A $20 Million Lucian Freud Nude Makes Its Auction Debut

The subject modeled for the portrait seven days a week for many moths.

Lucian Freud, Ria, Naked Portrait (2006-07). Courtesy Christie's.

The art market overall is in a notable reset, with auction totals down and dealers glum. But, in hopes of drumming up excitement, the major auction houses are rolling out some glitzy consignments for the fall season—a $30 million Rothko at Sotheby’s Hong Kong, beauty mogul Sydell Miller’s $200 million collection at the house’s New York salesroom, and a $50 million Van Gogh at Christie’s Hong Kong. Take your pick.

The latest work to join the list of inventory is Lucian Freud’s Ria, Naked Portrait (2006–07), to be offered at Christie’s London on October 9, during the week of the Frieze art fair. Coming to the auction block for the first time, it is estimated to fetch £10 million to £15 million ($13.3 million to $20 million). The seller is not identified.

The painting shows art handler Ria Kirby, whom the artist met at London’s Victoria & Albert Museum when he was featured in a 2006 joint exhibition there with fellow School of London artist Frank Auerbach. After she approached the artist to express her appreciation for his work, she went on to model for him every night over 16 months in the final years of his life; these sessions totaled no less than 2,400 hours, said the house. And yet Ria, Naked Portrait is the only fully realized work from her sessions, which came just after she finished her day job.

“To start with, it was quite exhausting, because I had only about 10 minutes’ break between finishing work and beginning to pose,” Kirby told Martin Gayford in the Telegraph. “I went through every possible emotion in my life. At the beginning, I was very conscious of trying to be a good sitter. It took a bit of practice to feel very relaxed, but be totally still at the same time.”

That stillness, she said, belied a sometimes lively environment.

“In the first few months, the hardest part of sitting was trying to stop laughing,” she said. “There were so many tales and songs and anecdotes.”

The painting had its own room in the blockbuster 2012 exhibition “Lucian Freud Portraits” at London’s National Portrait Gallery.

“In this painting we see Freud’s mastery of oil paint and how, like Geppetto, he is able to conjure up flesh,” said Katharine Arnold, vice chairman of the department of 20th and 21st-century art and head of postwar and contemporary art, Europe, in press materials.

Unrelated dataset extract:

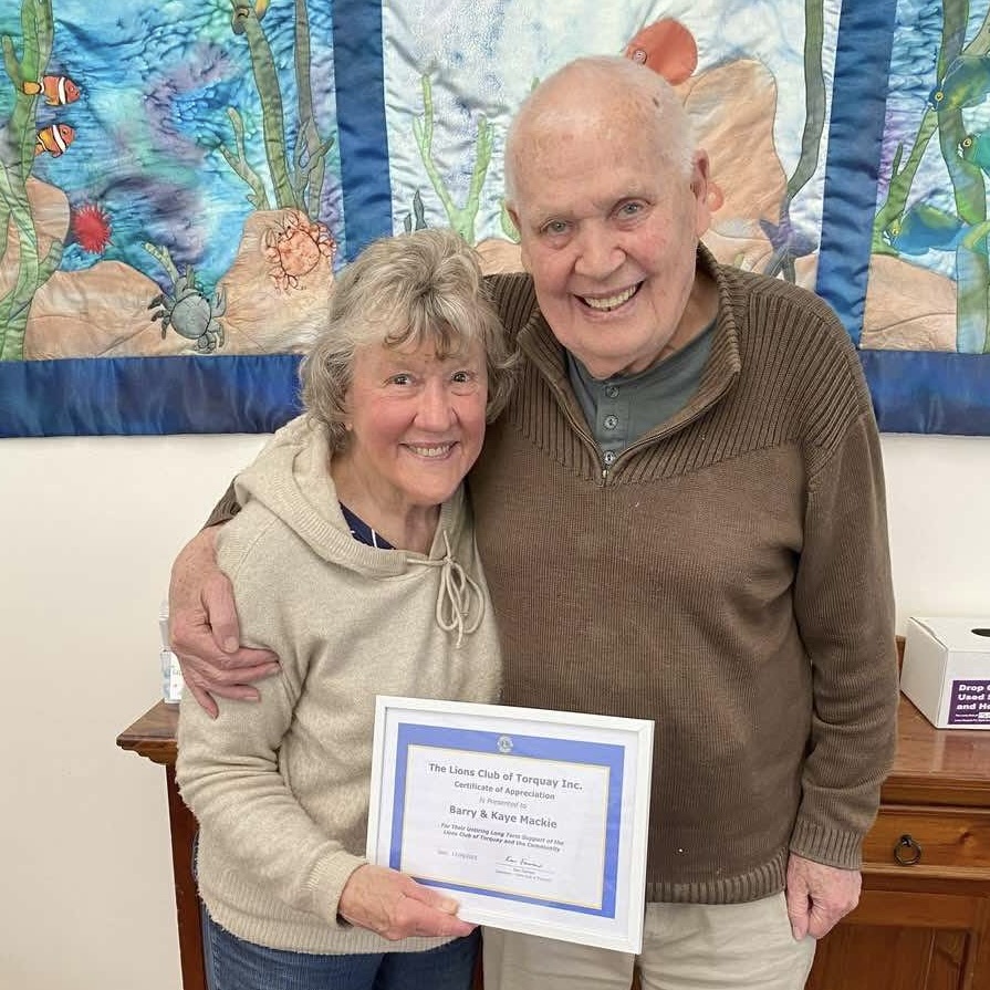 Tradie, Footballer, Teacher, Coach, Mentor and just a good bloke. Lion Barry Mackie is leaving us to move to Mt Eliza with his wife, Kaye. It was in Echuca he joined Lions in 1989. They decided to move to Torquay in 2010 and he joined the Lions Club of Torquay. Barry has always been at the forefront of activity in Torquay, with BBQ’s, marshalling, pub raffle, clean ups etc. He has held several positions including President in 2013. His service has been recognised through the awarding of the prestigious J Richardson award in 2018 and Melvin Jones in 2024.

“Her translucent limbs and flushed skin pulsate with life and comprise one of Freud’s defining legacies to painting. ‘Paint ages like we do,’ he famously said. Here, at the age of 80, he studies the appearance of youth. It sits within the rich pedigree of art history and the reclining female nude including Giorgione, Titian, and Velázquez—the latter’s Rokeby Venus (1647–51) was one of Freud’s favorite paintings at the National Gallery.”

The artist’s auction record is $86.3 million, paid at Christie’s New York as part of the collection of Paul G. Allen in 2022. Four full-length reclining female nudes have notched above $20 million since 2008.